Spannenderweise ändert sich nur _courierimapsubscribed_ wenn man im Webmailer die Subscriptions ändert. _subscriptions_ bleibt gleich. Hm...


----------



## Till (9. Dez. 2010)

> Gibts die 3.0.3.1 schon?


Ist zur zeit RC.



> Also auch mit einer Leerzeile davor. Kommt das auch von ISPConfig?


ja.



> Für was wird die Datei verwendet und muss sie auch editiert werden?

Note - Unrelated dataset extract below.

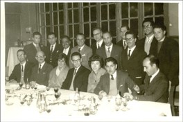 Comida en honor a Félix Martínez. Sentados de izquierda a derecha: Cedomil Goic, Roque Esteban Scarpa, Elena Martínez, Loy Vallafi, Juan Villegas, Jorge Guzmán. De pie: Mario Rodríguez, C. Acevedo, H. Schulte, Ferrecio Allende y Federico Schopf.

nein. Diese Datei ist für dovecot und der ignoriert sie richtigerweise. das eine Leerzeile kein Verzeichnis sein kann, hätten die courier Entwickler an sich auch mit berücksichtigen können.



> Spannenderweise ändert sich nur courierimapsubscribed wenn man im Webmailer die Subscriptions ändert. subscriptions bleibt gleich. Hm...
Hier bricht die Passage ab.